The ground-breaking Hands Free Hectare project (HFHa), run by Harper Adams University and Precision Decisions has won the IAgrE 2018 Team Achievement Award.
The project, which uses automated machines growing the first arable crop remotely, without operators in the driving seats or agronomists on the ground ran from late 2016 to harvest time in 2017. It continues this year as the technology is refined and developed.
The IAgrE Team Achievement Awards was presented to Martin Abell, Kit Franklin and Jonathan Gill from the Hands-Free Hectare project by incoming IAgrE President Professsor Jane Rickson at a special awards ceremony held at Wrest Park, Silsoe, Bedfordshire
This new award is presented in recognition of successful team work and demonstrates what can be achieved with collaboration.
“This is teamwork at its best. Agricultural Engineering is highly multi-disciplinary and the Hands-Free Hectare project is a great example of engineers and scientists working together to find solutions and is in the tradition of our great industry. IAgrE was delighted to celebrate this great achievement which has reached out to enthuse the next generation of engineers and agriculturalists,” said IAgrE CEO Alastair Taylor.
Martin Abell, mechatronics researcher for industry partner Precision Decisions said, “We’re returning, thanks to funding from the AHDB and the continued support from our industry sponsors, to try and increase the yield through increasing accuracy of our machinery and improved remote agronomy.
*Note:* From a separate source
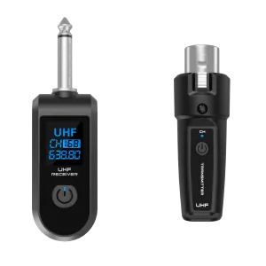 1. Stage performance to home use.2. Single channel wireless microphone system3. IR auto scan & ACT channel sync setup4. Working at low interference UHF band (600-865MHz)5. LCD display working status on both receiver and transmitter6. Smart handheld microphone and rugged half rack size receiver 7. Reliable SMT technology8. Dual filter design makes better anti-interference ability9. External TNC rubber antenna10. High performance capsule11. Balanced and line output available.​​
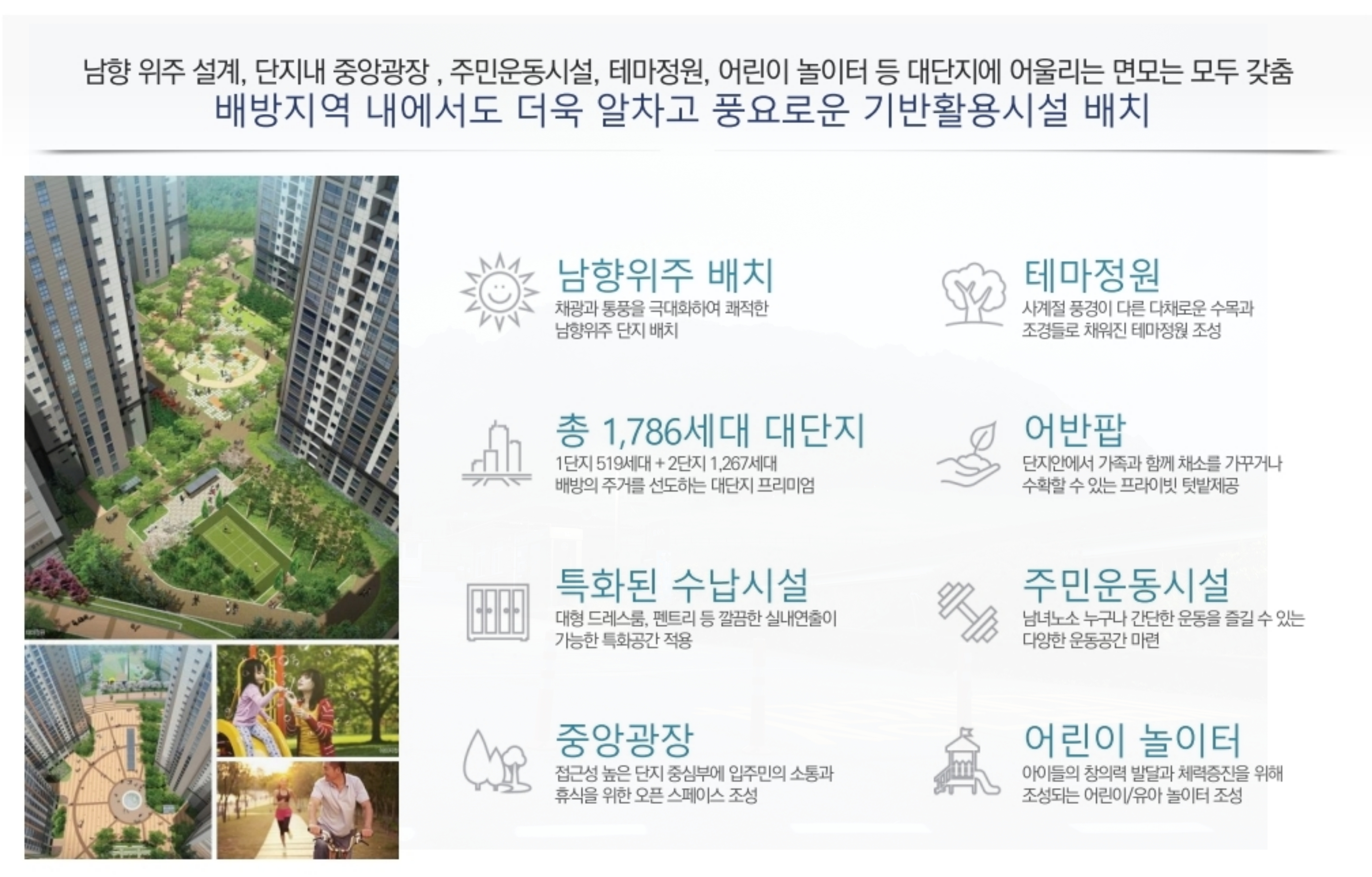 사계절 다른 풍경을 선사하는 다채로운 수목과 조경은 물론, 중앙광장, 주민운동시설, 테마정원, 어린이 놀이터 등 단지 안에서 가족과 함께 충분히 휴식하고 여가를 즐길 수 있는 공간들이 마련되어 있습니다.

We’re trying to push for a more competitive yield compared to what you see on the AHDB recommended lists and all other trials data available.
“It was brilliant to be part of the team that achieved this world first and to help lay down a marker in this sector. We’ve recently started seeing many commercial organisations coming out with their own autonomous agricultural solutions, showing that there’re working on this. I think we could start seeing autonomous tractors and robots on farms any day.”